ACTIVITY: Orbiter Labeling

Directions:

Use the keywords below to label the orbiter diagrams found at the bottom of this sheet.
Body Flap: A control surface hinged to the lower section of the aft fuselage. It is used during descent to control the motion of pitch.

Cargo Bay: The center of the orbiter's fuselage also called the payload bay.
Delta Wings: A sweepback wing design that looks like a triangle from above.
Elevon: A control surface used when the returning Shuttle enters the atmosphere; it acts like a combination of an aircraft elevator and aileron, controlling pitch and roll.
Flight Deck: Part of the crew compartment; the commander, pilot, missions specialist, and one payload specialist sit here for launch and landing.
Forward Control Thrusters: Small rocket engines that maneuver the orbiter in space.

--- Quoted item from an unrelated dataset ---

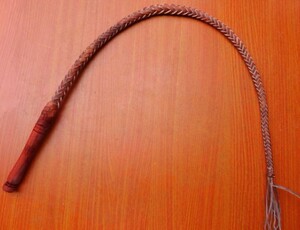 漂亮的牛皮马鞭,采用八根经过多道程序加工的,头层牛皮细条经祖传手工艺精编而成。造型独特,做工精细、内衬钢丝、结实耐用、样式美观。

These are located around the orbiter's nose.
Main Landing Gear: Two main landing gears located under the orbiter's belly, each with two tires.
Main Propulsion Engine: Three SSMEs (Space Shuttle Main Engines) located on the orbiter's aft end. The SSME is one of the most advanced rocket engines ever built.
Nose Landing Gear: Landing gear assembly located under the orbiter's nose with two tires.
Orbital Maneuvering System (OMS): Two OMS engines mounted in external pods on each side of the aft fuselage. These power the orbiter during orbital insertion and de-orbit.

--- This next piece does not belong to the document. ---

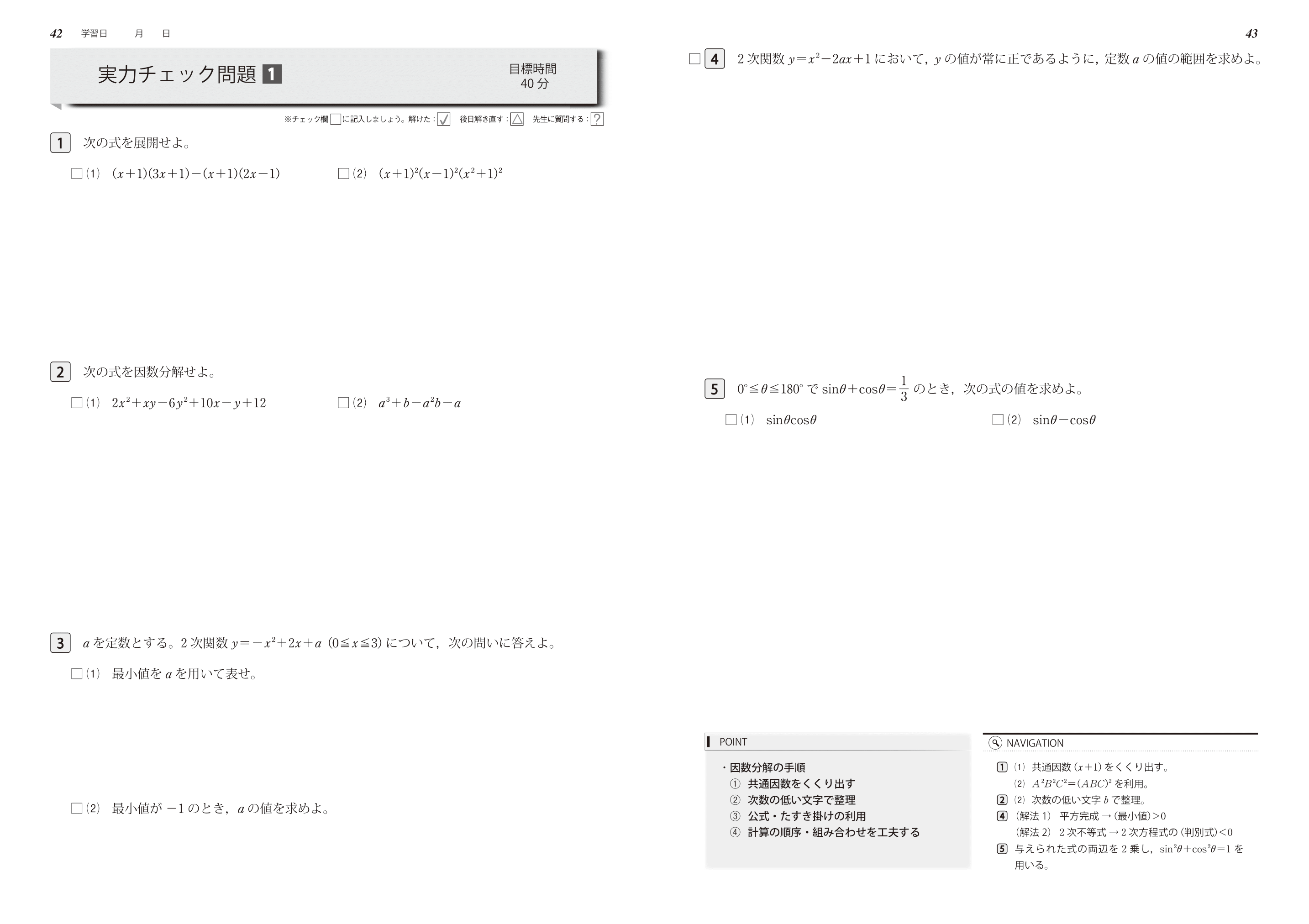 (A…数と式・2次関数,B…数と式・2次関数・図形と計量)

Payload Doors: Two curved cargo-bay doors located on the top part of the fuselage and opened soon after reaching orbit.
Reaction Control System (RCS): A set of engines located on each side of the aft fuselage that are used to control the motions of roll, pitch and yaw when the orbiter is maneuvering out of orbit and reentering the atmosphere.
Split Rudder/Speed Brake: A control surface located on the vertical stabilizer (tail section) that splits apart vertically to increase drag and slow the aircraft during descent and landing. When both sections are moved together, they act as a rudder to control the motion of yaw.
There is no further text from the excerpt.